シアさん対策会議とは、どうしようもなく自由すぎるシアさんをどうにかできないものかとみんなで知恵を出し合う場の事である。でもいつもはシアさんも同席しているのでどちらかというとお説教会に近いかもしれない。
今日の議題は人間関係、エルフ関係? についてという少々デリケートなお題目、こういった場合は本人抜きでの話し合いになる事が多い。今回の参加者はメアさんとフランさんの二人だけなので後で仲間はずれにされたと嘘泣きされる事もないだろう。
ちなみにシアさん以外にも困ったちゃん的な人物の対策会議は結構開かれていて、その個人回数は私が断トツでトップらしい。そんな馬鹿な……。
シアさんにはついこの間の出張お悩み相談が終わって家に帰る間に、森のみんなに対してあんな言い方は駄目、もっと仲良くするようにと厳重注意をしたのだが、対するシアさんの反応は、申し訳ありませんでした、と、畏まりました、の反省といいお返事。
しかし実はこの返事は毎回同じ、それはつまり、返事だけはしっかりとしていてもその実今まで全く改善はされていないという訳なのだ。

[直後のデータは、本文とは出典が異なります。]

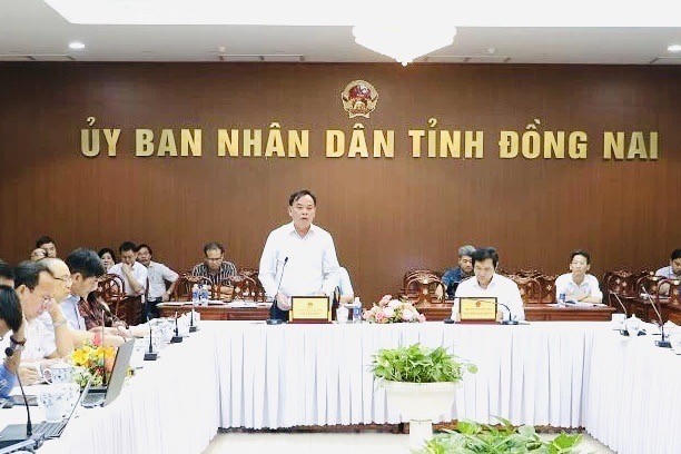 Ông Võ Tấn Đức - quyền Chủ tịch UBND tỉnh Đồng Nai phát biểu tại cuộc họp. |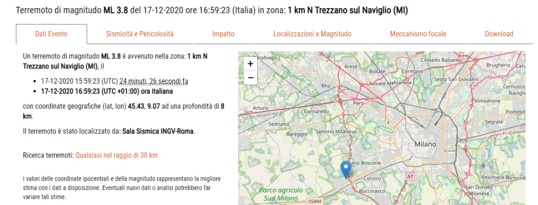 快讯:今天(17日)16时59分,米兰省纳维廖河畔特雷扎诺(Trezzano sul Naviglio)以北1公里处发生地震。根据意大利国家地球物理与火山研究所(INGV)初步估计,此次地震震级为3.8级。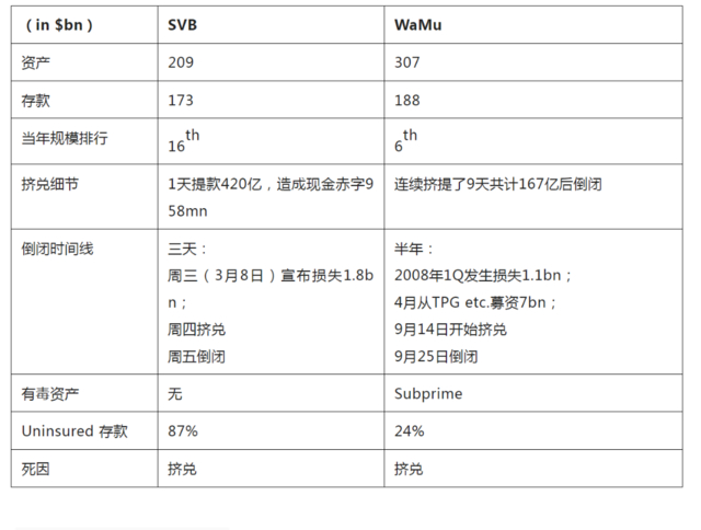我把SVB这个史上第二大倒闭案,和史上第一大:Washington Mutual (西雅图WaMu)倒闭案对比了一下:
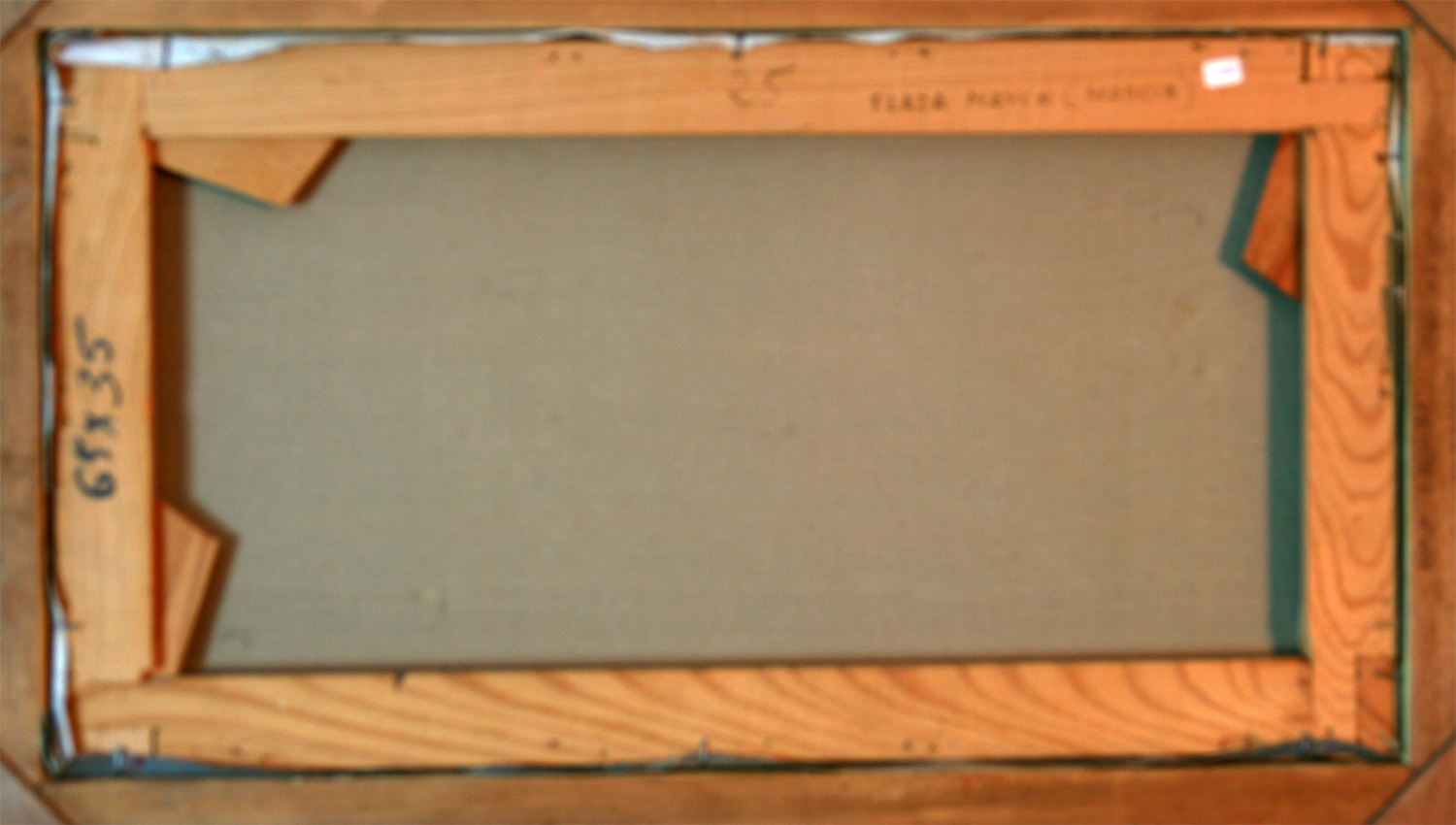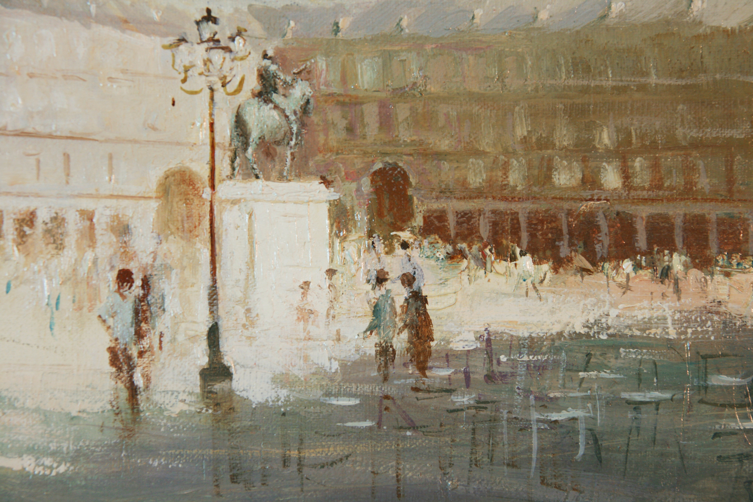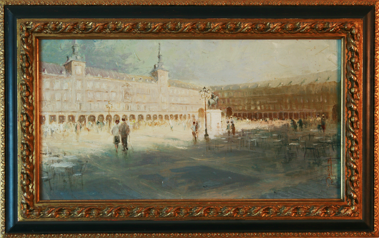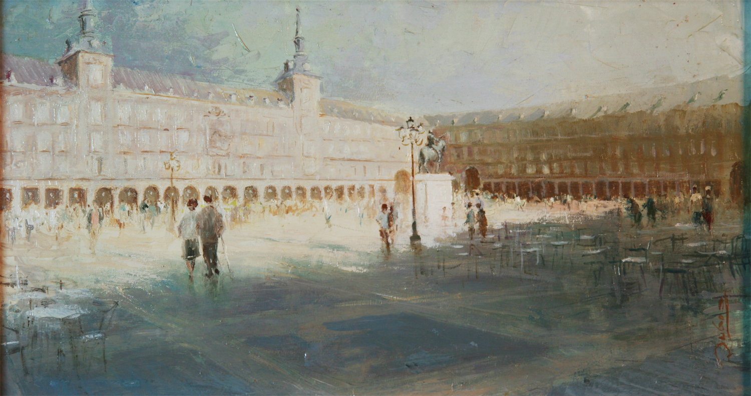 Paisaje urbano representando la Plaza Mayor de Madrid. El autor, describe la plaza bañada por el sol en el edificio frontal jugando con las sombras en primer plano, a la vez que sitúa multitud de personajes paseando en movimiento con lo que logra una espontánea obra llena de vida y movimiento de un cromatismo real y elocuente en base al contraste espontaneo de los tonos blancos y grises que juegan con la perspectiva difuminada del fondo, ofreciéndonos de éste modo un paisaje-espectáculo lleno de luz, que el autor ha combinado con vehemencia y habilidad en base a una paleta de colores neutros y limpios, logrando unas luces y sombras de excelente composición a los ojos del espectador.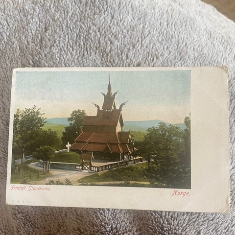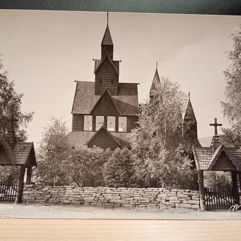 Flott eldre postkort med motiv av de kjente Søsterkirkene på Gran på Hadeland – et av Norges mest særpregede middelaldermotiver.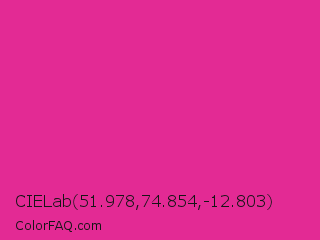 CIELab 51.978,74.854,-12.803 Color is a normal magenta color and the nearest color is Barbie Pink #e0218a. Hex code #e32a94 and RGB value is rgb(227,42,148). In RGB color space, this color is composed of 89% red, 16% green, 58% blue, In CMYK color space, this color is composed of 0% cyan, 81% magenta, 35% yellow , 11% black , In HSL color space, this color has a hue angle of 326° , 77% saturation and 53% lightness.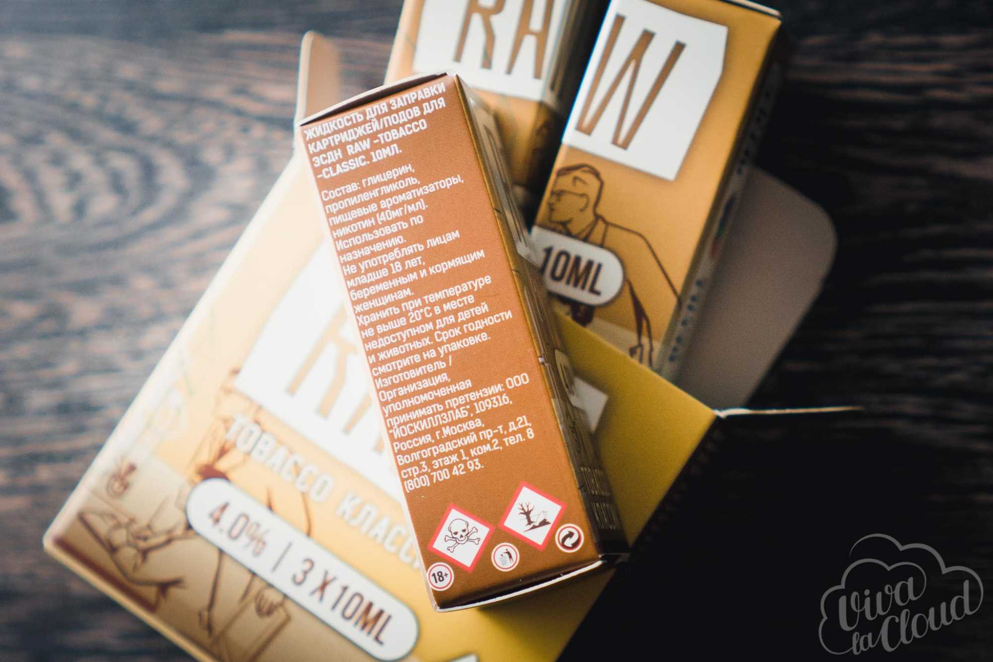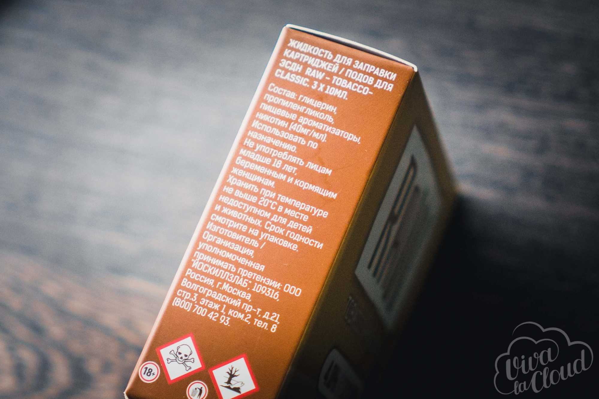 Набор из трех флаконов приезжает в картонной коробке. Стиль оформления зависит от выбранного микса. Некоторые элементы выделяются при помощи глянцевого покрытия. На «лицевых» гранях — названия и указания на крепость никотина с объемом. На одной из боковых сторон — русский информационный блок, включающий в себя состав, предупреждения и юридические данные. С противоположной стороны — все та же информация, но на английском языке.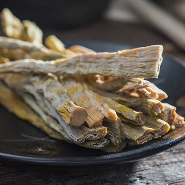 步骤1:春笋剥去壳,切去老根,用刀背拍松后切段。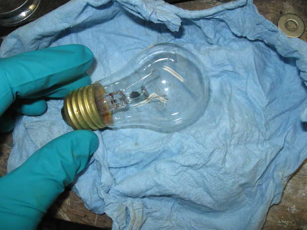 Envuelva el bulbo con una toalla de papel y golpee suavemente con un martillo. Aumentar la fuerza hasta que se rompa de la bombilla. Si el filamento se rompe, comienzan otra vez.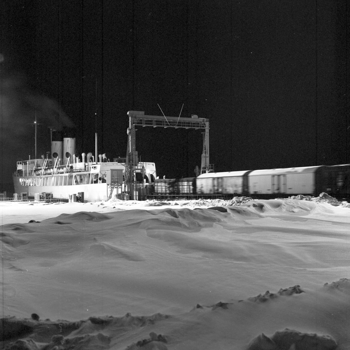 Titel: Tågfärjan S/S Starke, Trelleborg. Byggdes 1931 av Deutsche Werke, Kiel, Tyskland och levererades till Statens Järnvägar, SJ, Malmö. Har huvudsakligen trafikerat leden Trelleborg - Sassnitz. Insatt 1967 på den nya tågfärjeleden mellan Värtahamnen i Stockholm och Nådendal utanför Åbo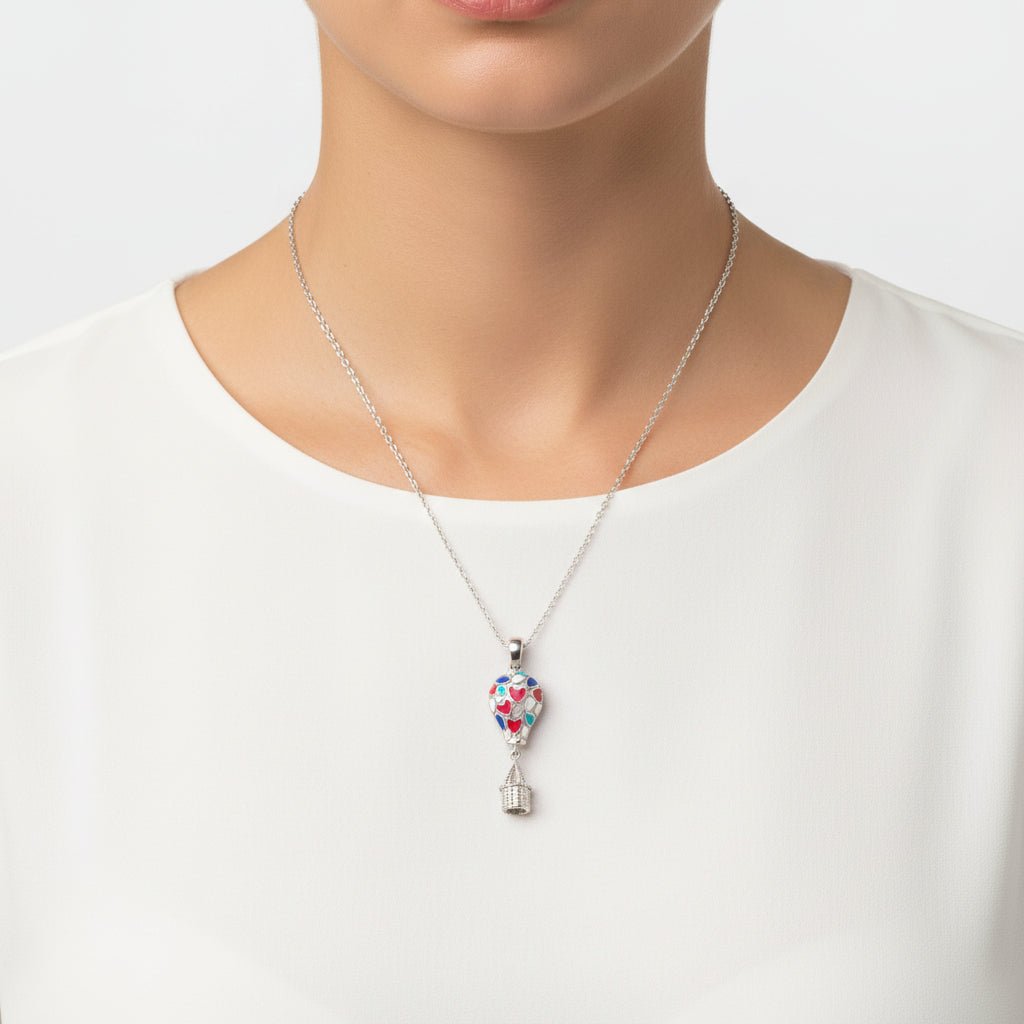 Diese Silberkette, die diejenigen darstellt, die vor Glück auf einem fliegenden Ballon schweben, ist eine Geschenkoption, die Sie für Ihre Lieben und diejenigen auswählen können, mit denen Sie Freude teilen möchten. Sie besteht aus 925er Sterlingsilber mit Rhodiumbeschichtung und ist mit Farben verziert und gestaltet. Machen Sie Ihren Lieben eine Freude, indem Sie ihnen diese silberne Damenkette mit Herzballon „Cappadocia“ schenken, die junge Verliebte und alle, die sich im Herzen jung fühlen, lieben wird. Die Silberkette hat eine durchschnittliche Länge von 45 cm. Alle unsere Produkte sind handgefertigt, und aufgrund der Edelsteine kann das Produktgewicht um ±10 % variieren.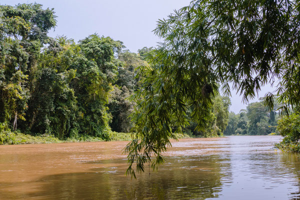 Auf beiden Seiten reicht der Regenwald bis an die Ufer des Sangha.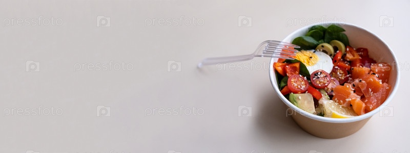 Баннер. Поке боул со свежим лососем; авокадо; Лебеда. Еда на вынос Здоровая модная фитнес-питание. в переработанной круглой коробке с устойчивой вилкой; концепция еды на вынос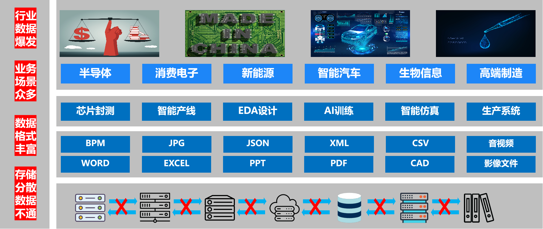 高端制造数字化和人工智能广泛应用是数据暴增的主要因素和驱动力,同时行业数据暴增也给数据存储带来管理挑战。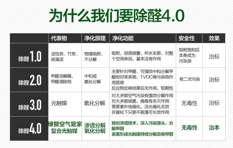 創(chuàng)綠家環(huán)??萍加邢薰鹃_創(chuàng)了全屋空氣環(huán)境治理4.0的新時(shí)代??!“綠贊空氣管家”采用復(fù)合納米光觸媒滲透技術(shù),分類除醛,直擊源頭!一次除醛!長(zhǎng)期有效!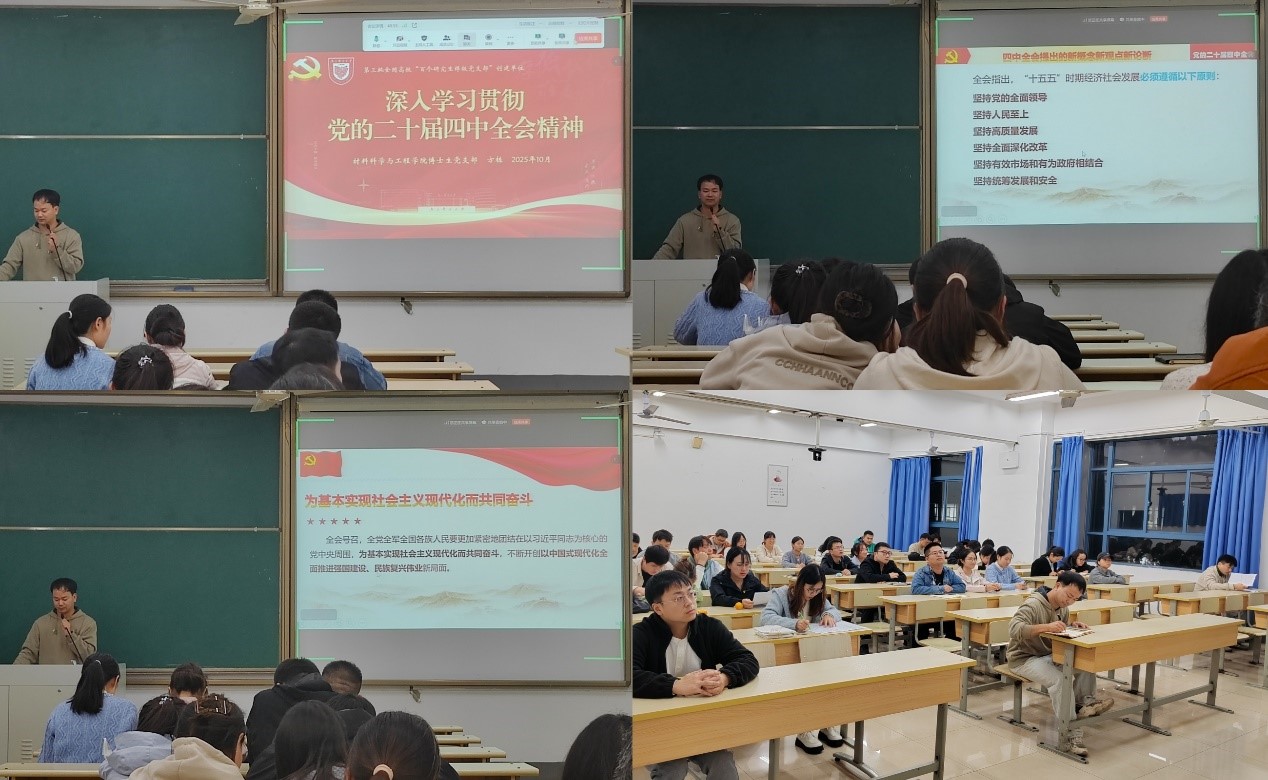 为深入贯彻党的二十届四中全会精神,将全会要求转化为科研报国的实际行动,2025年10月31日,福利姬 博士生党支部通过线上线下相结合的方式组织开展专题党课,引导支部党员深刻领会国家发展战略,将个人成长与国家战略需求紧密结合。党课由支部书记方栋主持,支部全体成员及入党积极分子参会。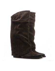 Malu Shoes Stivali donna estivi alti scamosciati forati beige morbidi con zeppa para interna con suola antiscivolo e borchie moda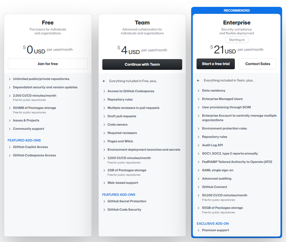 | Free | $0 | 個人および小規模チーム向けの基本機能。パブリック/プライベートリポジトリ、CI/CDなどが利用可能。 |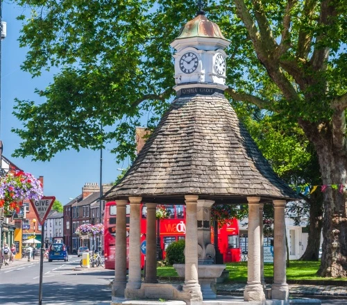 The fountain stands on the site of a graveyard that served the medieval church of St Clement. The churchyard was cleared in 1950 when The Plain became a roundabout. The church was pulled down in 1830 after it became too small to serve the area's increasing population and a new church was built on Marston Road.

それでもシアさんが私の言葉を聞くだけ聞いてちゃんと返事もしておいて、その上であんな態度を取り続けるとは思えないんだよね……。うん? もしかしたら、シアさんにとってはあれでも最大限友好的に接しているつもりなのかもしれない!? ……いやいやそんなまさか、あはは……。
「ふふ。何回も言うけどまだシアが森に来てからまだ四十年くらいなんだし、生まれ育った町っていう訳じゃないんだからしょうがないって」
私を膝の上に乗せて上機嫌なメアさん。確かにこれは毎回みんなに言われている気がする。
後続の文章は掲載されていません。